This conservation permits the comparison of the genomic location of HTgenes between genomes. Shared genomic context may also be useful for distinguishing orthologs and paralogs in conjunction with phylogenetic trees, though that analysis is not conducted here. These comparisons of HTgene locations are done with respect to gene families which are shared between the genomes of interest. Depending on the extent of gene order conservation around the HTgene between genomes it may be possible to distinguish single from multiple transfer events (Fig. 2A and 2B). If the local gene order is not well conserved then a single transfer followed by genome rearrangement cannot be excluded even when the HTgene is present in a completely different context in different genomes (Fig. 2C). Within poxvirus genera this is a particular issue when comparing EPV gene order to that of ChPV, and to a certain degree also in comparison of avipox to other ChPV because of the high amount of rearrangement (Additional File 1).

Figure 2
figure 2

Model gene order comparisons for inferring the number of horizontal gene transfer events. The relative order of genes around the gene of interest is illustrated. Orthologous genes are shaded in the same color and lined up vertically. A white box indicates that the gene is present in the genome, but not at the expected (i.e., equivalent) location. Horizontal lines indicate genomic segments. Thick horizontal lines indicate that the connected genes are neighboring genes of the specified type (where gene of interest is present) or have fewer than three intervening genes of the specified type (where gene of interest is absent). Thin horizontal lines signify three to six intervening genes. Vertical lines separate discontiguous genomic regions. (A) The gene of interest is in an equivalent location in all genomes where it is found. This supports a single origin (i.e., horizontal transfer) of this gene. (B) The gene of interest is found in two different genomic locations and the relative arrangement of other genes in each of these locations is conserved (i.e., there is no support for a local rearrangement). This supports two independent transfers of this gene. (C) The gene of interest is found in two different genomic locations but these regions are not conserved between genomes, so it is not possible to infer if it was a single transfer followed by genome rearrangement, or two independent transfer events.

We made three kinds of illustrations of the genomic context of HTgenes, distinguished by the type of gene families that the HTgene is plotted alongside. In the first kind the HTgene location is plotted with respect to the "core families" only. There are only 33 of these genes, so the distances within the diagram may be quite large, however because these are shared by all pox genomes, this view permits a low-resolution comparison across all genera. The second type of diagram plots the HTgene with respect to ortholog families, which are much greater in number. This increases the "resolution" of the plot and still avoids the confounding effect of paralogous genes. Finally we plot the location of the HTgene with respect to any of the gene families and examine it with the caveat that paralogous genes may be misleading.

We applied this analysis to the nine HTgenes uncovered by our PSI-BLAST search and compared the results to the scenarios supported by ML and NJ tree of the pox gene family and the non-pox homologs. We also applied the comparative gene arrangement analysis to candidate HTgenes from the literature (Table 3).

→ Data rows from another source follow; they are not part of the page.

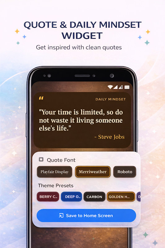 Añade motivación directamente a tu pantalla de inicio con inspiración diaria. Crea citas personalizadas o usa mensajes de mentalidad integrados para mantenerte concentrado.
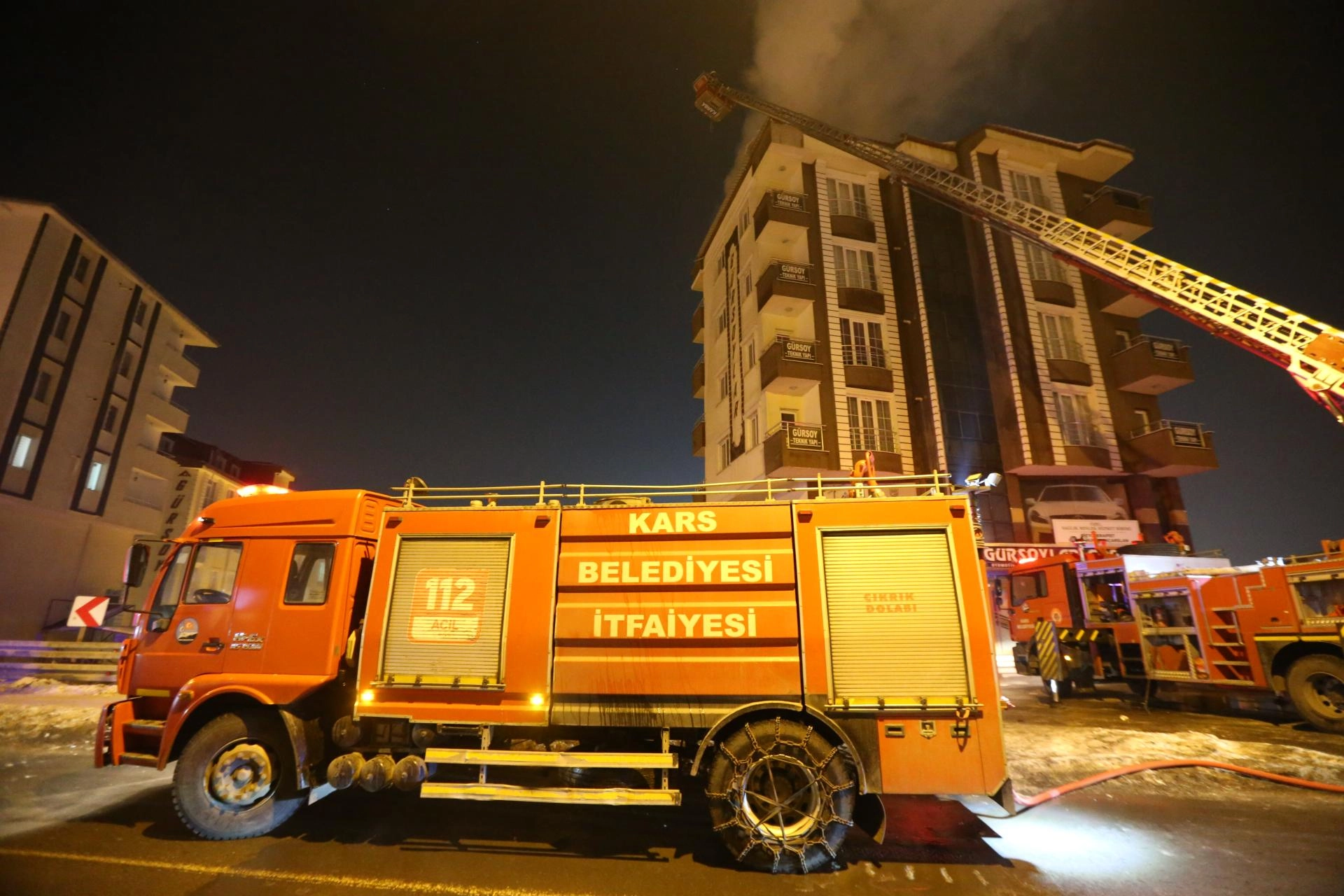 KARS (AA) - Kars'ta 6 katlı bir binanın çatı katında çıkan yangın itfaiye ekiplerince söndürüldü.
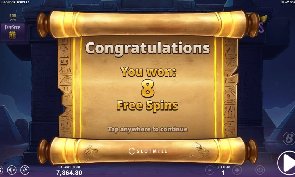 El símbolo Scatter se representa como un escarabajo con Bonus escrito en él. Al caer tres piezas se activan las tiradas gratuitas. Si entre los símbolos caídos cae al menos 1 Super Bonus, comienzan las Super Free Spins. En este caso, el jugador dispondrá de 8 intentos y todos los símbolos Wild se convertirán en Golden Expanding.
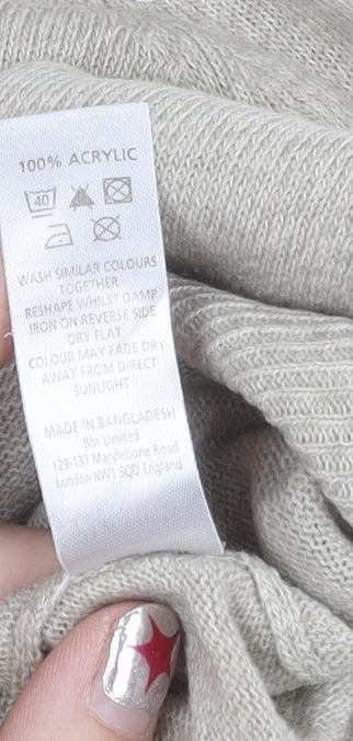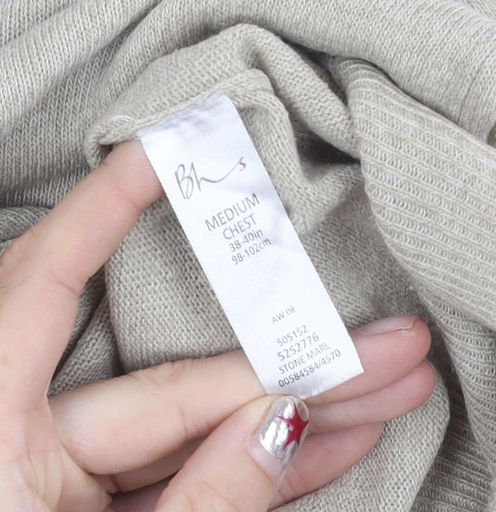 BHS Men's Beige Acrylic Crew Neck Pullover Jumper Size M
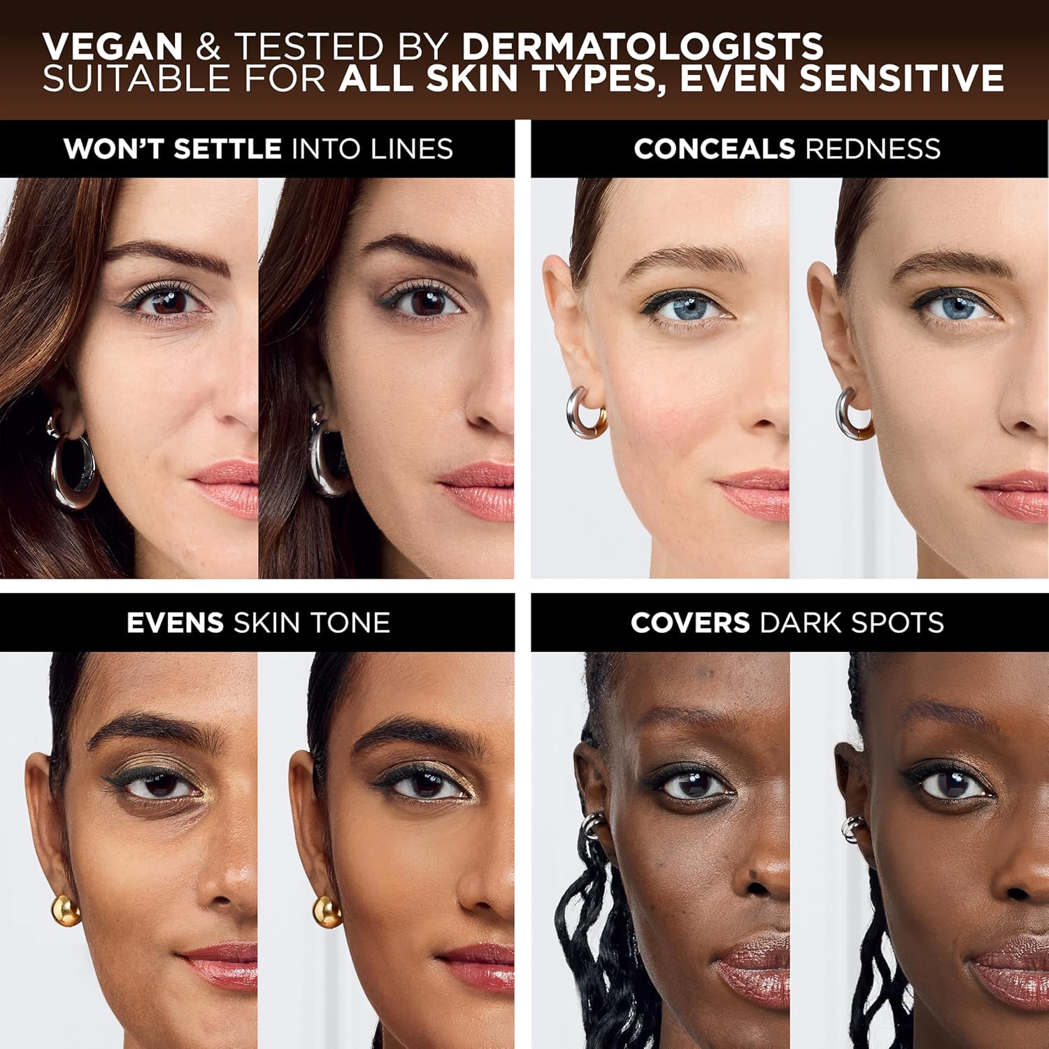 Science That Sees Your True Match – Formulated with 6 pigments for the most precise match. 99 percent of women found their true match in a consumer test of 312 women. Available in 47 shades to match your undertone – cool, neutral or warm
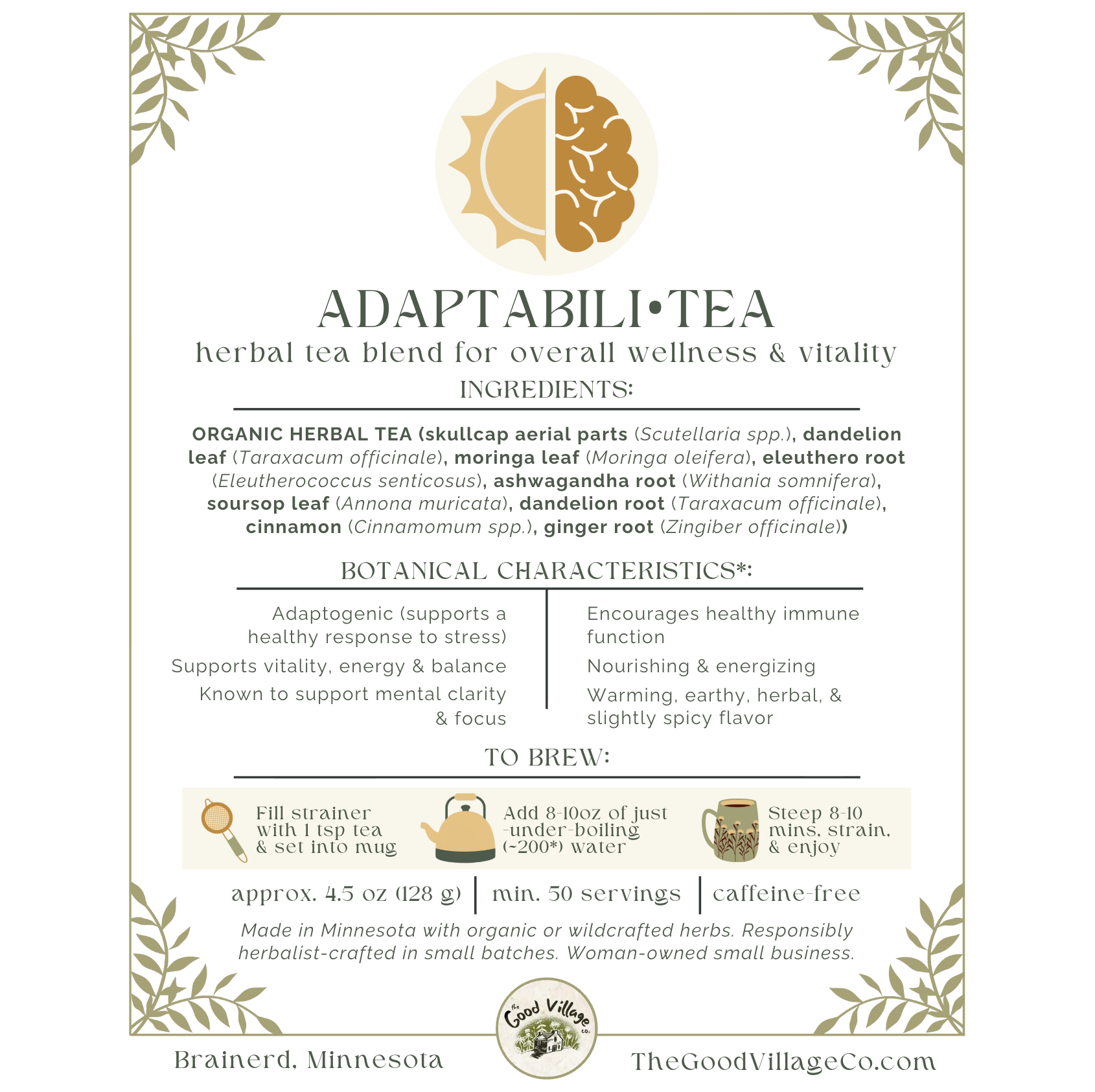 Ingredients: skullcap (Scutellaria spp.), dandelion leaf (Taraxacum officinale), moringa (Moringa oleifera), eleuthero (Eleutherococcus senticosus), ashwagandha (Withania somnifera), soursop (Annona muricata), dandelion root (Taraxacum officinale), cinnamon (Cinnamomum spp.), ginger (Zingiber officinale)
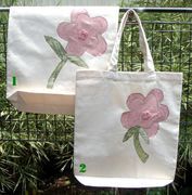 1. กระเป๋าผ้าลดโลกร้อน แบบหูหิ้วคู่ วัสดุผ้าใบเนื้อหนา สีขาวครีม ออฟไวท์ ประดับดอกไม้ผ้า ขนาด 17" x 20" มีเพียง 2 ใบ ใบละ 199 บาท
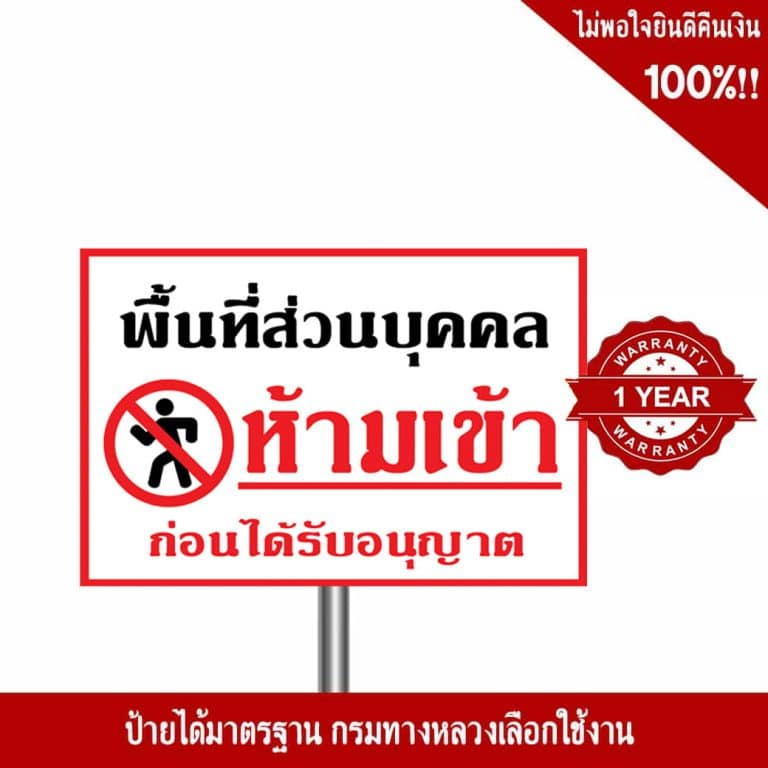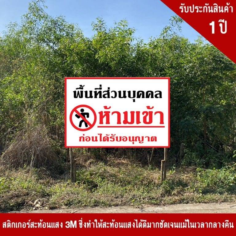 ป้ายพื้นที่ส่วนบุคคล ห้ามเข้าก่อนได้รับอนุญาต สะท้อนแสง 3M
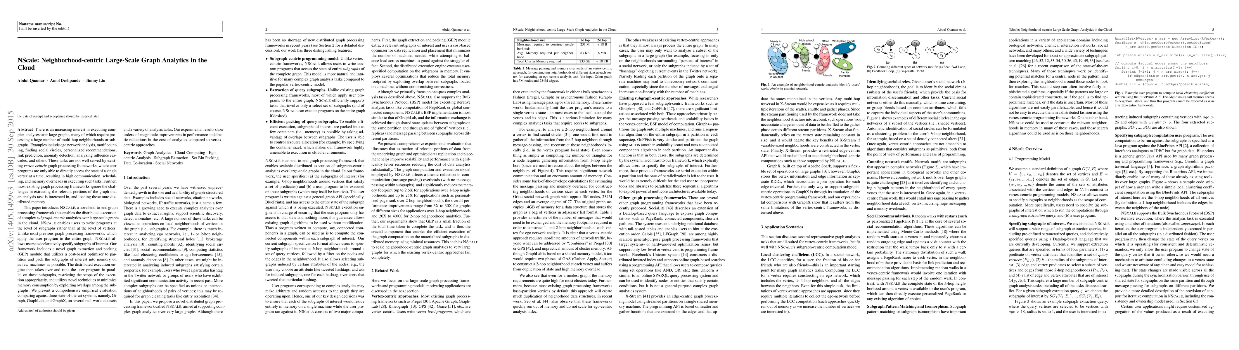 NScale introduces a novel framework for large-scale graph analytics in the cloud, enabling distributed execution of subgraph-centric tasks by specifying subgraphs of interest rather than individual vertices. The GEP module optimizes subgraph extraction and packing for efficient processing, resulting in significant performance and cost improvements over traditional vertex-centric methods.

In the case of dUTPase and Uracil DNA glycolase there was insufficient gene order conservation to allow comparisons – this reflects the fact that many of the transfers were into the poxvirus chromosome ends where the genome appears to be more labile. Also, the serpin gene family contains many paralogs within poxviruses which made comparison of gene order between viruses intractable. However, we found that in most cases gene order comparisons between the poxviruses can distinguish between single or multiple origins of a HTgene in poxviruses, even in the absence of a robust phylogenetic tree. The gene location comparison provided supporting evidence for at least two independent origins of: Glutathione Peroxidase; Interleukin-10; Ribonucleotide Reductase, small subunit; Thymidine Kinase; Deoxyribo-Dipyrimidine Photolyase (discussed below). In some cases, such as Interleukin-10, the synteny information is suggestive of more HGT events than were apparent from the phylogenetic tree alone. In other cases, such as Ribonucleotide Reductase, small subunit, the converse was true, and the synteny data indicated that there were fewer events than did the (poorly supported) phylogenetic tree.

Interleukin-10

Interleukin-10 (IL-10) is a multifunctional cytokine that suppresses inflammation, antiviral response and other host functions. It inhibits activation and maturation of dendritic cells and thus reduces their antigen-presenting ability and inhibits cytokine synthesis via T- and NK- cells. Homologs of IL-10 have been found in many different viruses [2426]. Viral IL-10 has been shown to play an important role in delaying the development of acquired immunity to orf virus in humans [27] and to vaccinia in mice [28]. The origin of some viral homologs to IL-10 has been investigated and it is suggested that orf virus (a parapoxvirus) captured the gene from sheep or goat [25, 29].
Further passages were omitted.